A small open reading frame between zwf and edd encodes a protein with homology to Pseudomonas aeruginosa Pgl, which is identified in GenBank accession AF029673 as 6-phosphogluconolactonase (41), and we have provisionally named this locus pgl. The location of the pgl gene between zwf and edd is interesting, because 6-phosphogluconolactonase acts between glucose-6-phosphate dehydrogenase and 6-phosphogluconate dehydratase in the Entner-Doudoroff pathway. S. meliloti Pgl also shows homology to the DevB/SOL family of oxidoreductases (57).

Repeat elements and an insertion element in the agl region.

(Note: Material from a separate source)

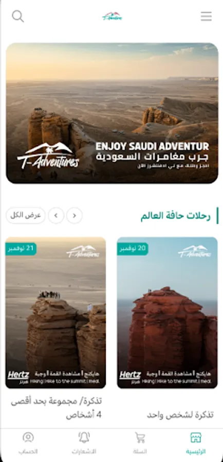 We guarantee you trips with easy reservations, high quality of service, and sweet and exceptional times that you spend in the best tourist destinations in the Kingdom, such as: Al-Ula deserts, Umluj beaches, and a breather at the edge of the world.

An unusual feature of this region is the presence of two copies of RIME1, a Rhizobium-specific intergenic mosaic element. This repeat element was first identified between chvI and exoS of S. meliloti (49). RIME1 contains two large inverted repeats and was named for its structural similarity to BIME, a repeat element found in enteric bacteria (27). The 5′ copy of RIME1 is found between aglE and aglF, and the 3′ copy is immediately upstream of the insertion sequence described below.

RIMEs have been previously identified by DNA sequencing in S. meliloti, Rhizobium sp. strain NGR234, and Rhizobium leguminosarum (49). In addition, RIME sequences hybridized to DNA from Agrobacterium rhizogenes but not that of A. tumefaciens or Bradyrhizobium japonicum (49). Although Østerås et al. (49) reported that no copies of RIME were identified on the Rhizobium sp. strain NGR234 megaplasmid by Southern hybridization, we were able to identify three copies of RIME1 by performing a BLASTN search of the symbiotic megaplasmid of Rhizobium sp. strain NGR234 (22). We also identified additional copies in Rhizobium trifolii and the phoCDET (6) and exp (7) regions of S. meliloti. All copies of RIME1 found to date are located in intergenic regions or overlapping the coding region by a few bases.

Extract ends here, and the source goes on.